═══ DATASET CONTENT

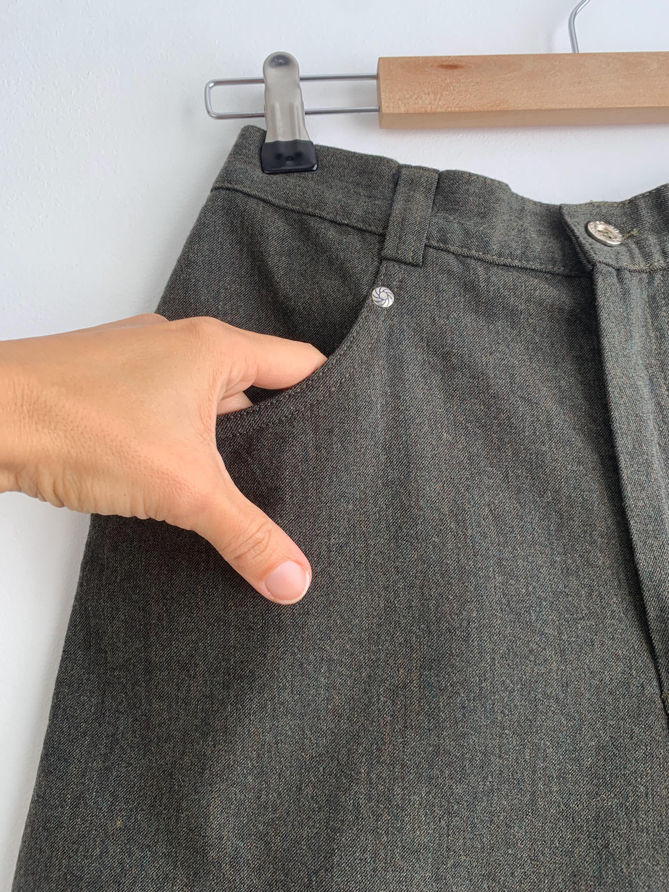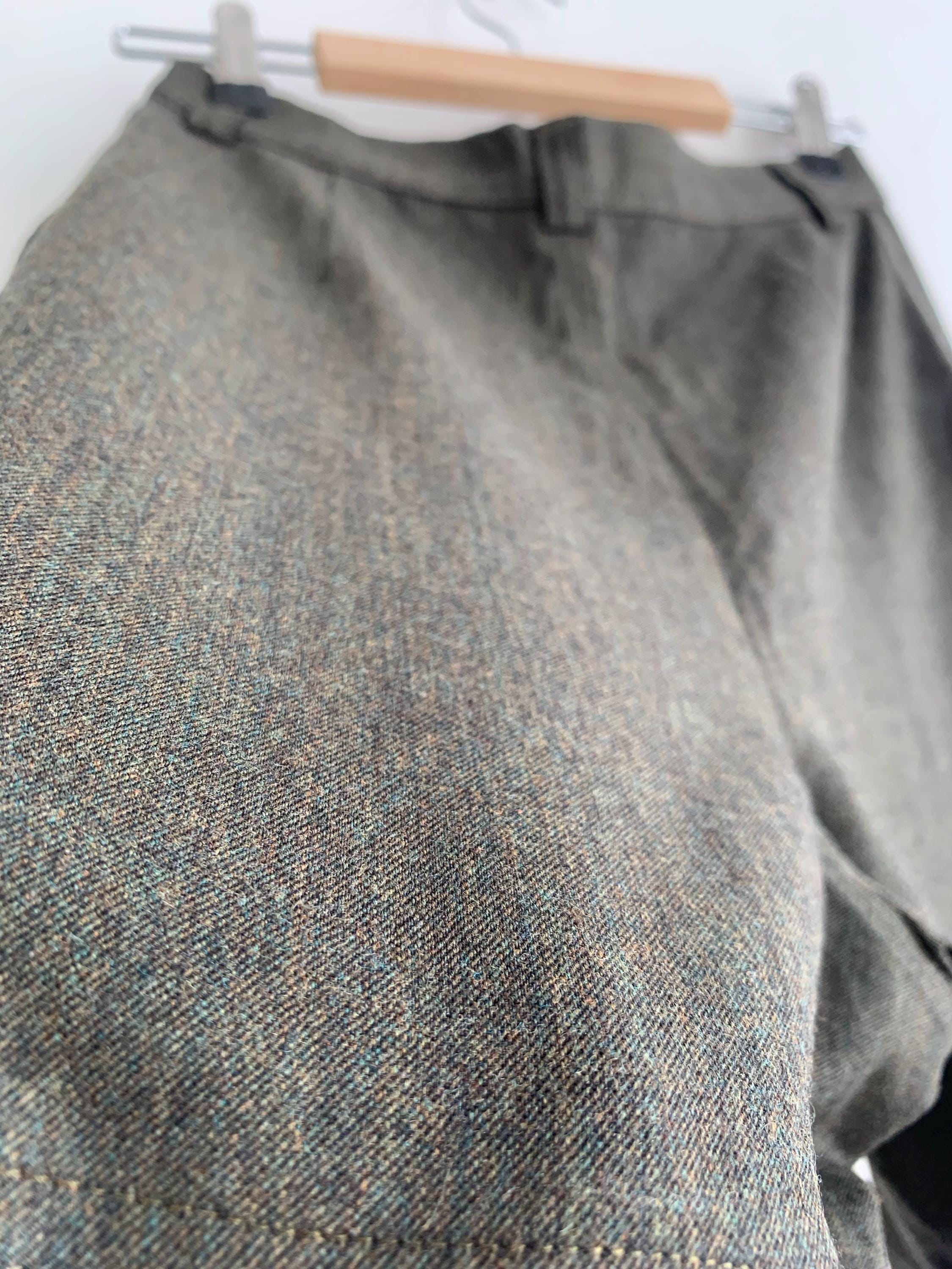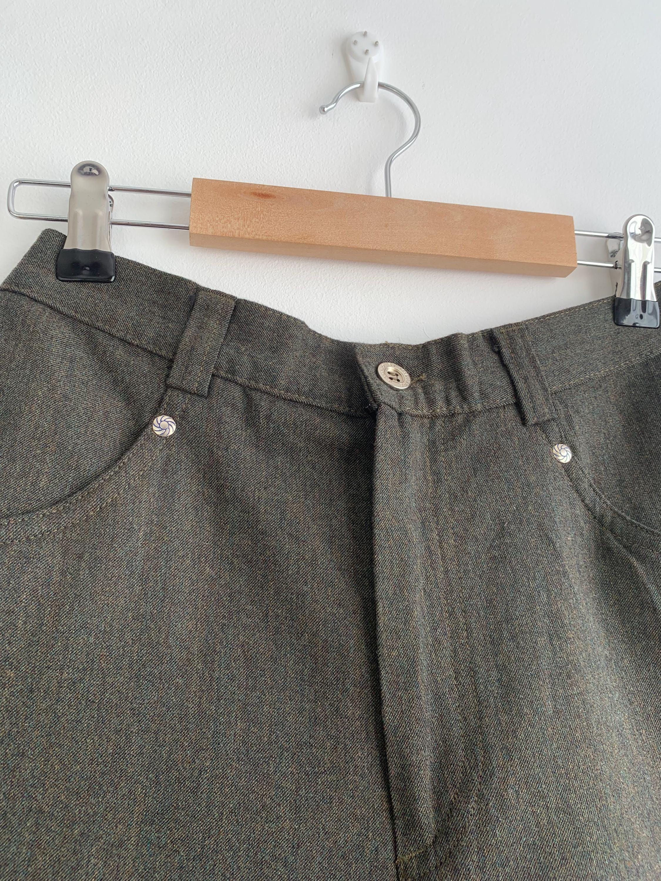Stylish vintage wool shorts for women, made of thin wool fabric in olive green color. These classic dress shorts have front zipper and button closure with two front pockets. They are unlined. The size marked on the label is 38, they fit like size XS. Please check the measurements below.
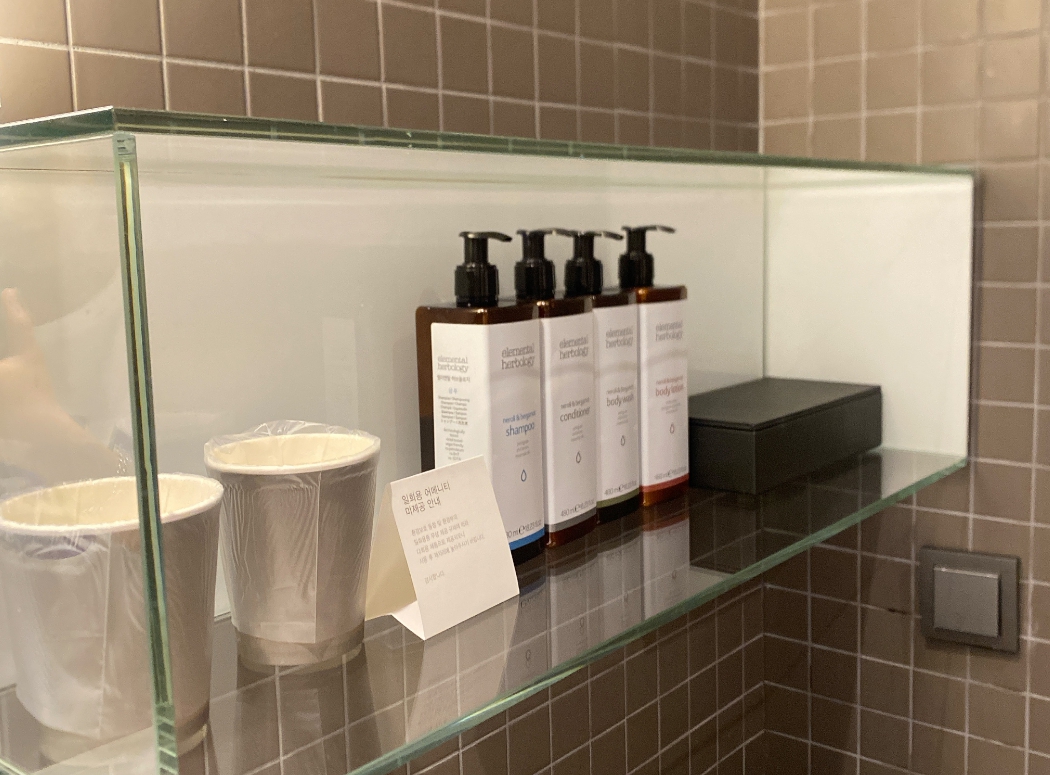 숙소에서 청결을 제일 중요시하는데 화장실 세면대에서 살짝 냄새가 올라오는 거 빼고는 전체적으로 만족했어요 그리고 복도도 가운데가 뻥 뚫려있어서 시설이 보는 재미가 있습니다 굳이 단점을 뽑자면 수건이 너무 올이 잘 빠졌어요 닦고 나면 하얀 수건 올이 자꾸 손에 남아있더라고요 그리고 다회용 어메니티는 그리 좋은 편은 아니니 샴푸에 민감하신 분들은 챙겨오시는게 좋을 거 같아요 딱히 머리 뻑뻑한거에 신경 쓰는 편이 아니라 상관없었습니다
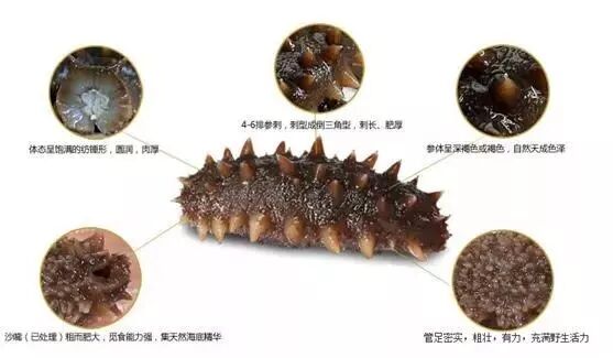 望:海参的体色主要与栖息环境有关,一般呈褐色,但生活在岩礁附近的海参与生活在泥沙、碎石底的海参相比较,前者的颜色往往较深。而生活在海藻间的,常带有绿色,有时变成赤褐色或紫褐色。所以,颜色决定不出海参的好坏。只要看参刺是否粗壮而挺拔。

══════

## TASK
The data must be reproduced exactly, and no picture may appear in the copy.

## PROBLEM SOLUTION
Stylish vintage wool shorts for women, made of thin wool fabric in olive green color. These classic dress shorts have front zipper and button closure with two front pockets. They are unlined. The size marked on the label is 38, they fit like size XS. Please check the measurements below.
 숙소에서 청결을 제일 중요시하는데 화장실 세면대에서 살짝 냄새가 올라오는 거 빼고는 전체적으로 만족했어요 그리고 복도도 가운데가 뻥 뚫려있어서 시설이 보는 재미가 있습니다 굳이 단점을 뽑자면 수건이 너무 올이 잘 빠졌어요 닦고 나면 하얀 수건 올이 자꾸 손에 남아있더라고요 그리고 다회용 어메니티는 그리 좋은 편은 아니니 샴푸에 민감하신 분들은 챙겨오시는게 좋을 거 같아요 딱히 머리 뻑뻑한거에 신경 쓰는 편이 아니라 상관없었습니다
 望:海参的体色主要与栖息环境有关,一般呈褐色,但生活在岩礁附近的海参与生活在泥沙、碎石底的海参相比较,前者的颜色往往较深。而生活在海藻间的,常带有绿色,有时变成赤褐色或紫褐色。所以,颜色决定不出海参的好坏。只要看参刺是否粗壮而挺拔。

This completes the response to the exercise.